CEA-2010 is a very simplistic approach to measuring subwoofer performance. It basically just tells you how loud a subwoofer can get within a threshold of very liberal harmonic distortion limits. At the levels of distortion CEA allows playback can be very dirty and audibly distorted. It also says nothing about how well a subwoofer performs within those limits in terms of linearity, compression, other forms of distortion, etc. All of these things are audible and affect subwoofer performance.
Take JTR for example. Their subwoofers have a lot of output as per CEA. When you poke around and look at the data, however, you can see heavy compression occurring at playback levels well below these CEA numbers. This is very much audible and lends itself to the "sound signature" that JTR subwoofers have.
Funk Audio and Harbottle subwoofers are designed to satisfy a very strict set of criteria within their performance envelope. They use huge powerful neodymium motors with underhung oversized voice coils and carefully tuned suspensions so that their output at full power of thousands of watts still has inaudible distortion and vanishly low, inaudible, and very controlled compression. This means that when you look at the numbers at which they rate their subwoofers for max output you are looking at numbers at which the subwoofer performs cleanly and linearly. Most subwoofers lose linearity at significantly lower levels where they go into compression that causes ugly and audible nonharmonic distortion at high levels.
Basically every subwoofer on the market uses an overhung motor design. It's the obvious choice when you want to maximize output relative to cost. Most use ferrite motors as well, since it is a cheaper material to use to get magnetic field strength.

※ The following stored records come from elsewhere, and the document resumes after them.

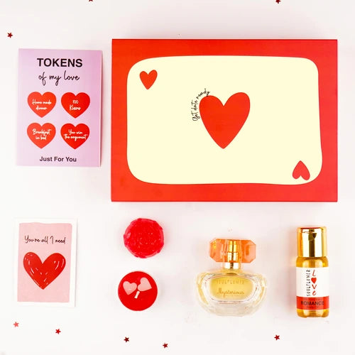 Full Ingredients: Rose T-Light Candle, Romance Massage Oil, Mysterious Eau De Parfum, Handmade Rose Soap
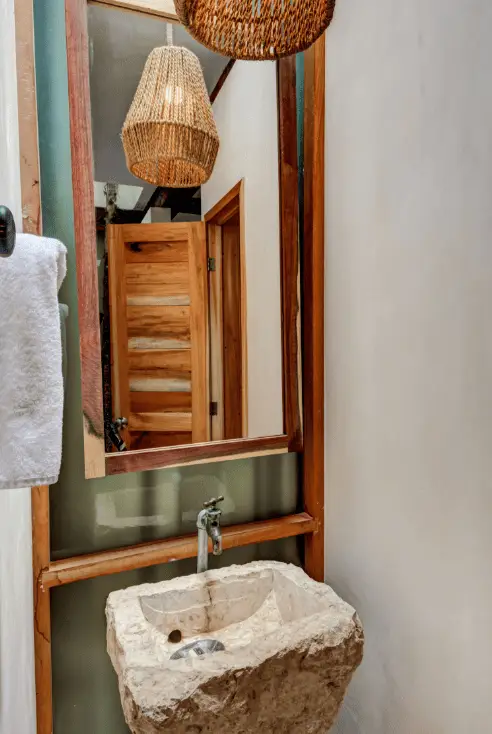 This 1,345 sq ft unique villa in the Mayan jungle presents contemporary architecture with local woods and stones, as well as detailed interior design. All of it harmonizes with the natural surroundings and creates a very special accommodation in Tulum.
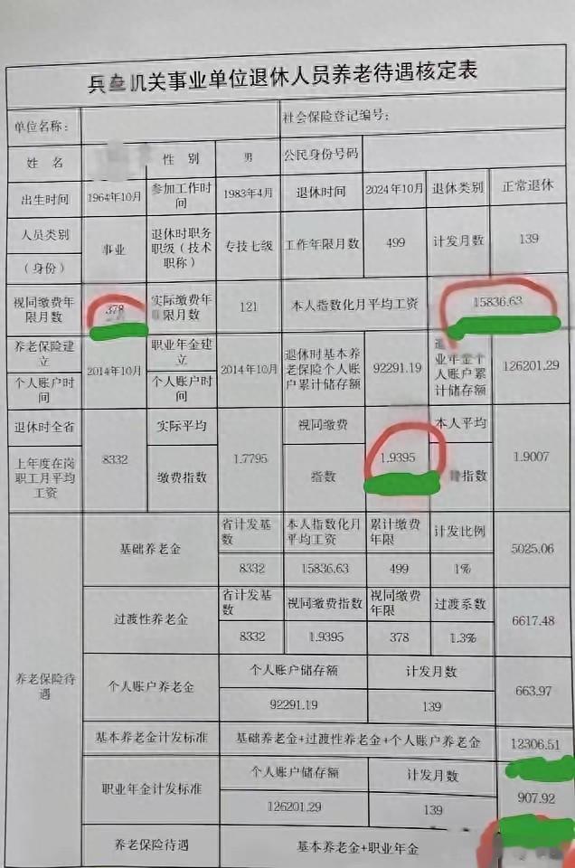这是一张新疆事退人员养老金核定表。这就不难理解为什么工龄长达41.58年,个人账户储存额只有92291.19元。这位友友83年4月参加工作,退休时职务职级是专技七级,视同缴费指数是1.9395。视同缴费年限长达378个月折合成年是31.5年。2014年10月开始缴纳社保,实际缴费年限只有121个月折合成年是10.08年,个人账户储存额是92291.19元,实际平均缴费指数是1.7795。本人平均缴费指数是1.9007。当地计发基数是8332元,60岁退休计发月数是139。
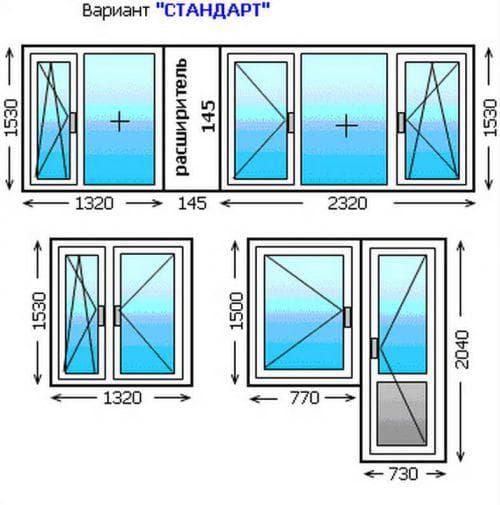 Important! Les dimensions d'une fenêtre en plastique classique à deux châssis sont de 130 cm de haut et 140 cm de large. Si la fenêtre est tricuspide, les dimensions standard seront de 206 cm de large et 140 cm de haut
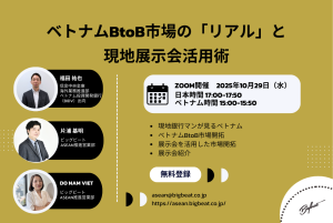 ベトナム市場に参入を検討する企業は、現地の特性やビジネス環境をしっかりと理解し、長期的視点での戦略立案が重要です。株式会社ビッグビートは、海外展示会出展のサポートをしています。特に、タイやベトナムに現地法人を有しており、出展企画の立案から展示ブースの設営、コンパニオンをはじめとする運営スタッフの手配や管理に至るまで、日本の高い品質基準を維持したまま、現地からの迅速なサポートを提供することが可能です。ベトナム市場への効果的な参入をお考えの際は、ぜひビッグビートのサポートをご活用ください。
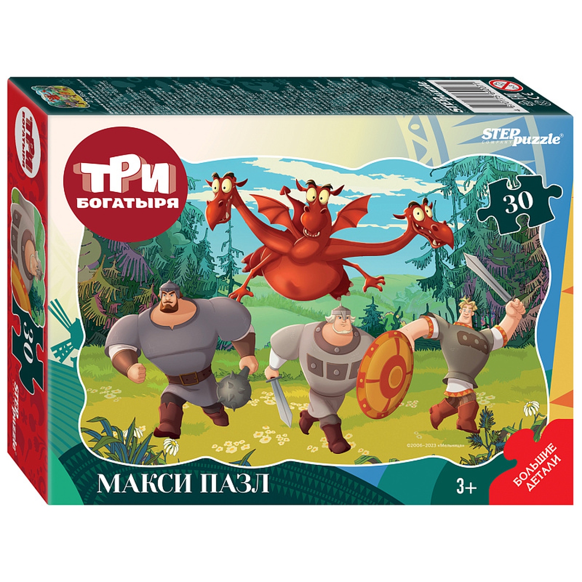 Контурный макси пазл «Три богатыря» c героями одноименного мультфильма. Фигурный пазл с крупными деталями эргономичен для детской руки. Развивает внимание и память. Тренирует мелкую моторику. Характеристики пазла: крупные детали пазла ≈ 5×4,5 см; размер собранного изображения – 27х18 см; материал – картон; качественное изображение; фигурная рамка; экологически чистые, нетоксичные материалы (компания Step Puzzle гарантирует высокое качество пазла и точность подгонки).
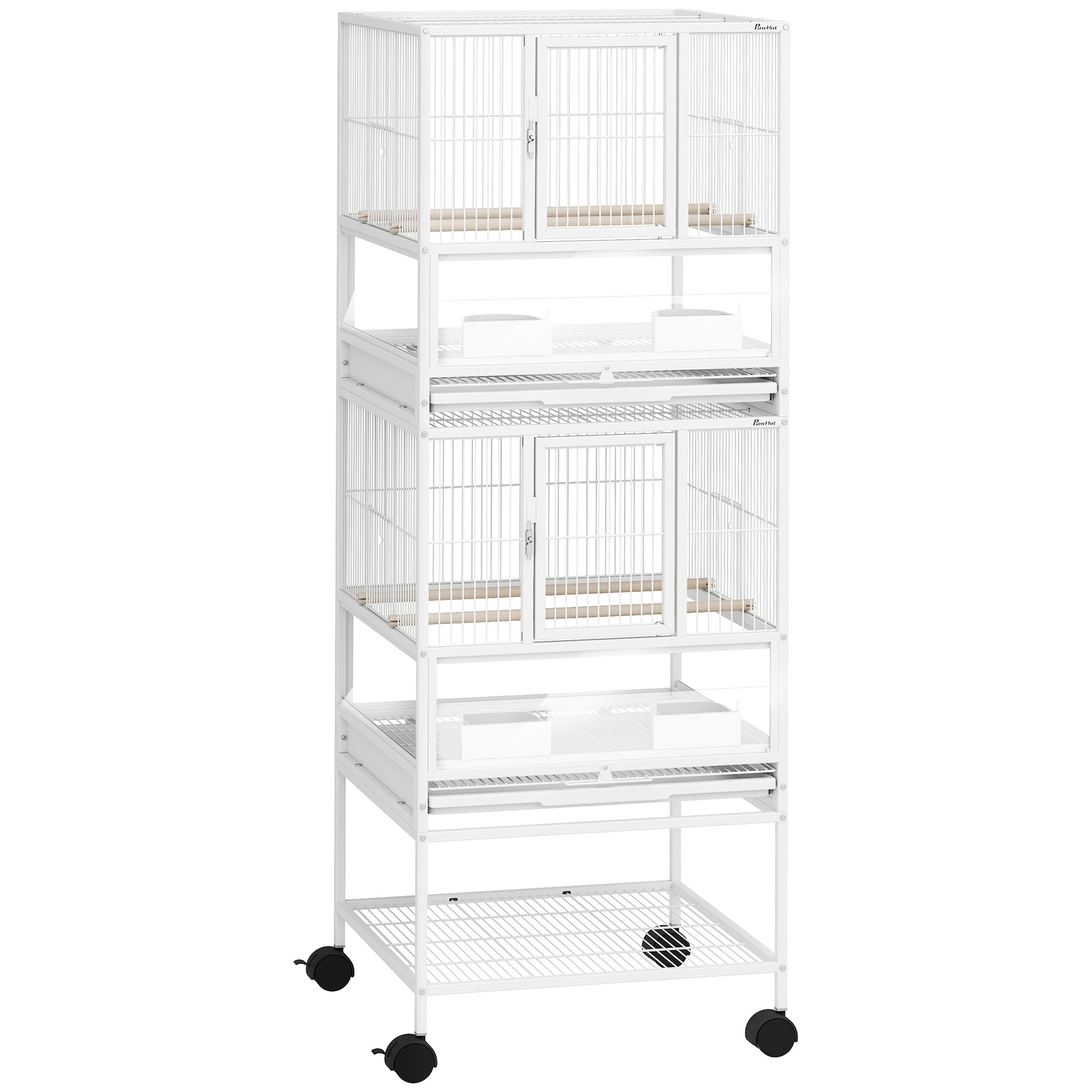 Κλουβί Πουλιών PawHut Μεγάλο 2 Επίπεδα με Ρόδες Ακρυλικά Πλαίσια Ταΐστρες Κορώνες Ράφι Αφαιρούμενα Δισκάκια Σπίτι Για Παπαγάλους Κανάρια 48x46x134,5 εκ Λευκό
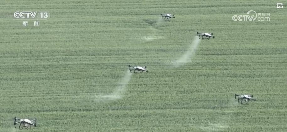 在運(yùn)城河津市的小麥地里,10架無(wú)人機(jī)正在麥田上方進(jìn)行噴灑作業(yè)。
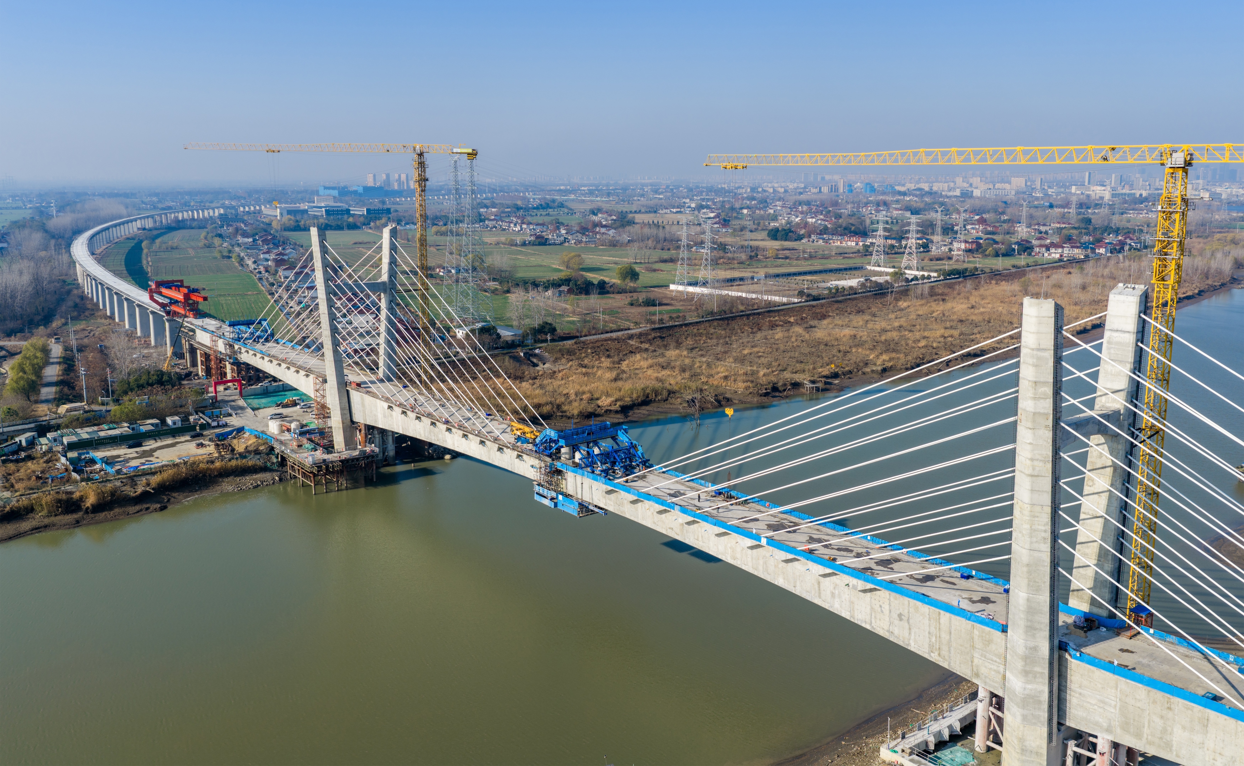 12月14日,北沿江高铁扬州段跨芒稻河斜拉桥合龙。
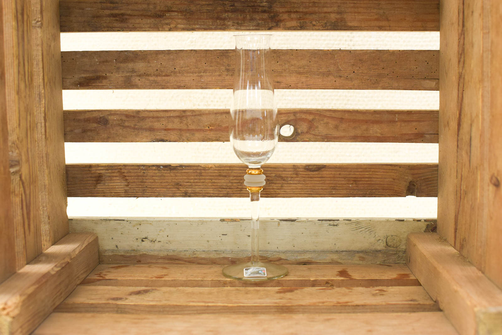 Set van 6 champagne glazen op voet met goudkleurige versiersel. Elegante glazen met een hoogte van 24 cm, perfect voor feestelijke momenten.
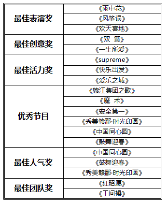 為表彰各公司在文藝匯演中的精彩表現(xiàn)和辛苦付出,周云、高艷分別為網(wǎng)絡(luò)票選評出的最佳人氣獎及最佳表演獎、最佳創(chuàng)意獎、最佳團隊獎、最佳活力獎、優(yōu)秀節(jié)目獎等團隊頒獎。

They also use smaller 2-3" voice coils, which are lighter and more efficient but have low power handling.
Funk Audio and Harbottle use underhung motors with neodymium magnets and massive 5" voice coils. Designing subwoofers this way is wasteful if the goal is output per dollar, but they are designed with a different goal in mind, namely linearity and accuracy. The end result when you get them dialed in is bass that sounds perfect in every way.